At that time, you and I, and this whole committee argued strenuously against our own US regulators when they sought to push the boundaries of our regulations too far. We were worried about exactly what Chairman Steven Maijoor identified: duplicitous and inconsistent requirements harming global liquidity formation and raising financial stability concerns.

Yet, today, we are at an inflection point in global coordination efforts. It is US regulators who are recalibrating their approach and working to offer solutions to these thorny cross-border issues, and our European colleagues who are failing to heed their own advice. If European regulators persist down this path, they will likely learn that they were correct in their analysis, and find that their actions have left our global markets in disarray.

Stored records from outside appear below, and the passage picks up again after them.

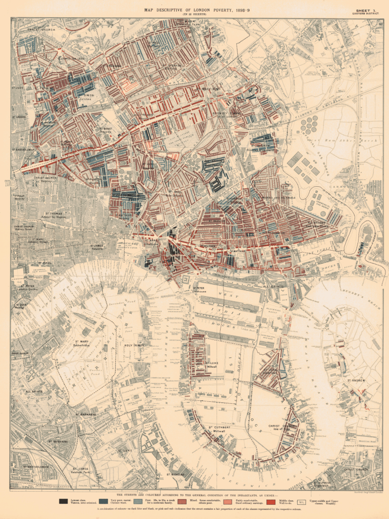 The most visually striking products of Booth’s inquiry were his poverty maps of London, color-coded street by street to indicate levels of wealth and poverty. These weren’t just any maps — they represented the first systematic, data-driven visualization of social conditions in a major city.
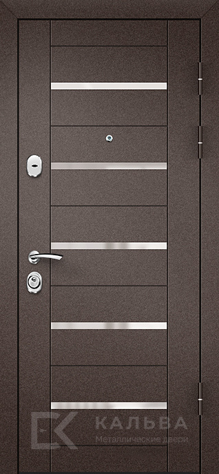 Фото №2 «Стальная дверь тёмная с хром полосами и зеркалом венге №45»
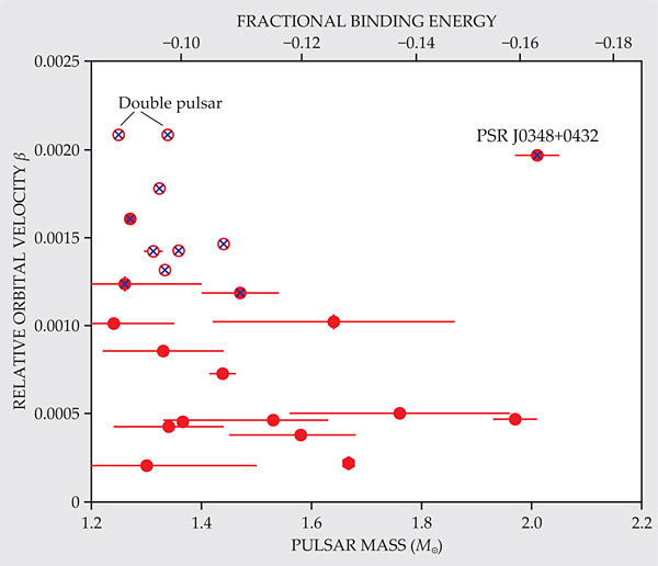 Figure 2. All binary radio pulsars with measured masses and no significant tidal or mass losses are plotted by mass (with corresponding gravitational binding energy) and orbital-velocity parameter β, which is essentially the relative velocity of the two stars, divided by c, in their center-of-mass frame. Solid and open circles indicate, respectively, pulsars with white-dwarf or neutron-star companions. One pulsar (the hexagon) has an ordinary stellar companion. Blue crosses mark binaries for which orbital decay has been measured. Sitting alone at extreme mass and orbital speed is J0348. (Courtesy of Norbert Wex.)
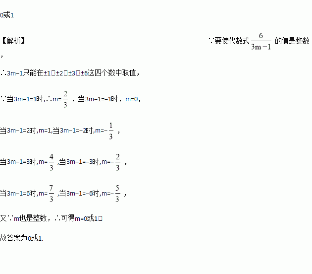 当m为整数,代数式的值也是整数时,m的值为_________
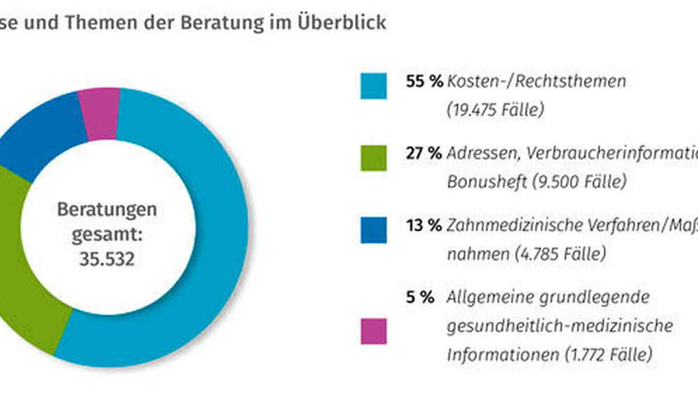 Eine wichtige Rolle im Beratungsgeschehen spielen Anfragen zu Kosten- und Rechtsthemen: Gut die H ä lfte aller Beratungen (55 Prozent) betreffen Kosten- und Rechtsfragen – darunter beispielsweise Geldforderungen, Patientenrechte und zahnärztliche Berufspflichten.

Mr. Chairman, before I close, I want to mention my deep disappointment in the comments made by a senior commission official at a conference several weeks ago in London. It is particularly personal to me, because you and I so warmly received his testimony on this very topic at that December 2012 hearing.

In their worst light, his comments suggest that the United States does not have a partner, but a competitor in financial market regulation, a competitor who is willing to use its regulations to its strategic advantage. Viewing financial regulation as a competition would be a grave mistake.

But, even in their best light, his comments betray a smugness that is inappropriate among friends. Such casual arrogance breeds mistrust, frustration and needless friction at a time when we cannot afford such intramural sniping.

I have been struggling to make sense of the complete reversal of principle from what our European friends expressed at our 2012 hearing. It’s comments like these that lend credence to the argument that the previous disagreement over CCP equivalence and now EMIR 2.2 never had anything to do with systemic risk, or the safety and soundness of European institutions, and everything to do with retribution and competitive regulatory arbitrage.

I hope that’s not the case. If it isn’t, European leaders should plainly make that clear through their words and their actions.